We can optionally save it for later use:

In [5]:
import pickle

In [6]:
with open(f'{video_id}.bin', 'wb') as f_out:
    pickle.dump(transcript, f_out)

When running in codespaces we might need to use a file downloaded

In [None]:
!wget https://github.com/alexeygrigorev/ai-bootcamp-codespace/raw/refs/heads/main/week1/ph1PxZIkz1o.bin

In [None]:
with open(f'{video_id}.bin', 'rb') as f_in:
    transcript = pickle.load(f_in)

In [9]:
transcript[:10]

[FetchedTranscriptSnippet(text='So hi everyone. Uh today we are going to', start=0.0, duration=5.04),
 FetchedTranscriptSnippet(text='talk about our upcoming course. The', start=2.96, duration=3.52),
 FetchedTranscriptSnippet(text='upcoming course is called machine', start=5.04, duration=5.92),
 FetchedTranscriptSnippet(text='learning zoom camp. And um this is', start=6.48, duration=5.92),
 FetchedTranscriptSnippet(text='already I put the link in the', start=10.96, duration=3.599),
 FetchedTranscriptSnippet(text="description. So if you're watching um", start=12.4, duration=4.719),
 FetchedTranscriptSnippet(text="this video in recording or you're", start=14.559, duration=4.88),
 FetchedTranscriptSnippet(text='watching it live, you go here in the', start=17.119, duration=4.561),
 FetchedTranscriptSnippet(text='description after under this video and', start=19.439, duration=5.6),
 FetchedTranscriptSnippet(text='then you see a link course. uh click on', start=21.68, duration=6.24)]

In [10]:
def format_timestamp(seconds: float) -> str:
    """Convert seconds to H:MM:SS if > 1 hour, else M:SS"""
    total_seconds = int(seconds)
    hours, remainder = divmod(total_seconds, 3600)
    minutes, secs = divmod(remainder, 60)

    if hours > 0:
        return f"{hours}:{minutes:02}:{secs:02}"
    else:
        return f"{minutes}:{secs:02}"

In [11]:
def make_subtitles(transcript) -> str:
    lines = []

    for entry in transcript:
        ts = format_timestamp(entry.start)
        text = entry.text.replace('\n', ' ')
        lines.append(ts + ' ' + text)

    return '\n'.join(lines)

In [12]:
subtitles = make_subtitles(transcript)

In [13]:
print(subtitles[:500])

0:00 So hi everyone. Uh today we are going to
0:02 talk about our upcoming course.

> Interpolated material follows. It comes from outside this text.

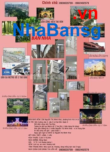 Gia đình cần bán nhà hẻm 238/12E Nguyễn Thị Minh Khai, Phường Xuân Hòa (Phường 6, Quận 3). Vị trí: gần trường cấp 2, cấp 3 Lê Quý Đôn Quận 3. Đối diện công viên Tao Đàn. Tương lai gần ga Metro số 2 Tao Đàn (hiện đang thi công). Nhà gần đường lớn 2 chiều Nguyễn Thị Minh Khai - vị trí trung tâm. Đi đâu cũng rất gần - giáp Quận 1. Ngay ngã tư CMT8 và NTMK Kết cấu: trệt, 1 lửng, 1 lầu Diện tích: 3,5x10,34m Nhà hướng Đông Nam Giá bán: 9 Tỷ (có thương lượng) Hẻm lịch sự, an ninh, thoáng mát Tình trạng nhà: sạch sẽ, thoáng, đang trống dọn vào ở ngay.

The
0:05 upcoming course is called machine
0:06 learning zoom camp. And um this is
0:10 already I put the link in the
0:12 description. So if you're watching um
0:14 this video in recording or you're
0:17 watching it live, you go here in the
0:19 description after under this video and
0:21 then you see a link course. uh click on
0:25 that link and this bring you will bring
0:27 you to
0:29 this website this GitHub


In [18]:
instructions = """
Summarize the transcript and describe the main purpose of the video
and the main ideas. 

Also output chapters with time. Use usual sentence case, not Title Case for the chapter.

Output format: 

<OUTPUT>
Summary

timestamp chapter 
timestamp chapter
...
timestamp chapter
</OUTPUT>

Don't include <OUTPUT> in the output
"""

In [19]:
answer = llm(subtitles, instructions=instructions)

In [20]:
print(answer)

The video is a presentation about the upcoming "Machine Learning Zoom Camp" course, detailing its structure, content, and answering frequently asked questions. The course, aimed at aspiring machine learning engineers, will commence on September 15th and consists of updated and foundational modules, primarily focusing on practical skills relevant to the industry, such as deploying models and working with Python and command-line tools. 

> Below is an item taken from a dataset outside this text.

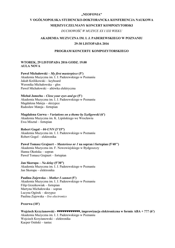 „NEOFONIA” V OGÓLNOPOLSKA STUDENCKO-DOKTORANCKA KONFERENCJA NAUKOWA MIĘDZYUCZELNIANY KONCERT KOMPOZYTORSKI DUCHOWOŚĆ W MUZYCE XX I XXI WIEKU AKADEMIA MUZYCZNA IM. I. J. PADEREWSKIEGO W POZNANIU 29-30 LISTOPADA 2016 PROGRAM KONCERTU KOMPOZYTORSKIEGO WTOREK, 29 LISTOPADA 2016 GODZ. 19.00 AULA NOVA Paweł Michałowski – My first masterpiece (5’) Akademia Muzyczna im. I. J. Paderewskiego w Poznaniu Jakub Królikowski – keyboard Weronika Michałowska – głos Paweł Michałowski – altówka elektryczna Michał Janocha – Close your eyes and go (5’) Akademia Muzyczna im. I. J. Paderewskiego w Poznaniu Magdalena Mateja – skrzypce Radosław Mateja - fortepian Magdalena Gorwa – Variations on a theme by Szeligowski (6’) Akademia Muzyczna im. K. Lipińskiego we Wrocławiu Ewa Misztal – fortepian Robert Gogol – 04-UNN (3’15”) Akademia Muzyczna im. I. J. Paderewskiego w Poznaniu Robert Gogol – elektronika Paweł Tomasz Grajnert – Masterioso nr 1 na sopran i fortepian (5’40’’) Akademia Muzyczna im. F. Nowowiejskiego w Bydgoszczy Hanna Okońska – sopran Paweł Tomasz Grajnert – fortepian Jan Skorupa – Na delay (5’30”) Akademia Muzyczna im. I. J. Paderewskiego w Poznaniu Jan Skorupa – elektronika Paulina Zujewska – Mother I cannot (5’) Akademia Muzyczna im. I. J. Paderewskiego w Poznaniu Filip Grześkowiak – fortepian Martyna Michałowska – sopran Lucyna Ogórek – skrzypce Paulina Zujewska – live electronics Przerwa (10’) Wojciech Krzyżanowski - ♥♥♥♥♥♥♥♥♥♥♥♥, improwizacja elektroniczna w formie ABA + ??? (6’) Akademia Muzyczna im. I. J. Paderewskiego w Poznaniu Wojciech Krzyżanowski – elektronika Kacper Osiński – taniec Katarzyna Danel – Bewegung na organy i dźwięki elektroniczne (4’50”) Akademia Muzyczna im. I. J. Paderewskiego w Poznaniu Katarzyna Danel – organy, elektronika Aleksandra Słyż – CBss H na kontrabas, taśmę i live electronics (6’30’’) Akademia Muzyczna im. I. J. Paderewskiego w Poznaniu Bogusz Tworek – kontrabas Dominik Puk – Gravität. Per accordion e organo (5’) Akademia Muzyczna im. I. J. Paderewskiego w Poznaniu Katarzyna Danel – organy Przemysław Degórski – akordeon Grzegorz Łapiński – Konstelacje (4’40”) Uniwersytet Muzyczny F. Chopina w Warszawie Kołsut/Brzezina Duo Łukasz Brzezina, Bartosz Kołsut – akordeon Sylwia Nowastowska – Vantablack (5’) Akademia Muzyczna im. I. J. Paderewskiego w Poznaniu Weronika Ka mierczak, leksandra Wiśniewska – flet Zuzanna Czachor - flet altowy Joanna adowska - rożek angielski Adam Knobel, Kornel Grzybowski – klarnet Borys Ka mierczak - klarnet basowy Estera Biedrzycka - saksofon altowy Ireneusz Chmielarczyk - saksofon tenorowy Samuel Kostecki, Cezary Sikora – fagot Martyna Bartczak, Joanna Mazurek – skrzypce Michalina Matias - altówka Małgorzata Namiot – wiolonczela Bogusz Tworek - kontrabas Michał Janocha - dyrygent Organizatorzy: Opieka merytoryczna: Katedra Kompozycji – dr Ewa Fabiańska-Jelińska Katedra Teorii Muzyki – mgr Małgorzata Pawłowska Patronat honorowy: JM Rektor dr Halina Lorkowska, prof. AM Patroni medialni:

The speaker clarifies the suitability of the course for individuals with programming backgrounds, mentions that the course does not guarantee job placement but highlights past successes of graduates finding employment. Participants can expect to learn essential skills for entering the machine learning field, though advanced theoretical mathematics is not a primary focus. The course encourages project-based learning and offers a certificate upon completion of certain requirements.

Chapters:
00:00 Introduction to the Machine Learning Zoom Camp course
00:2

### We can use structured output with Pydantic to have a better time parsing it 

[Structured model outputs](https://platform.openai.com/docs/guides/structured-outputs)

In [21]:
from pydantic import BaseModel

In [22]:
class Chapter(BaseModel):
    timestamp: str
    title: str

class YTSummaryResponse(BaseModel):
    summary: str
    chapters: list[Chapter]

In [23]:
def llm_structured(instructions, user_prompt, output_type, model="gpt-4o-mini"):
    messages = [
        { "role": "system", "content": instructions },
        { "role": "user", "content": user_prompt }
    ]

    response = openai_client.responses.parse(
        model=model,
        input=messages,
        text_format=output_type
    )

    return response.output_parsed

In [24]:
summary = llm_structured(
    instructions=instructions,
    user_prompt=subtitles,
    output_type=YTSummaryResponse
)

In [26]:
print(summary.summary)
print()
for c in summary.chapters:
    print(c.timestamp, c.title)

The video introduces the upcoming "Machine Learning Zoom Camp" course, outlining its content, schedule, and prerequisites. It encourages viewers to sign up and explains course structure, focusing on machine learning engineering skills, updates to course materials, and the importance of hands-on projects. Additionally, common questions about job placement, prerequisites, and course outcomes are addressed, emphasizing that prior programming knowledge and comfort with command line usage are essential for participants, while also clarifying the nature of the course versus traditional data science.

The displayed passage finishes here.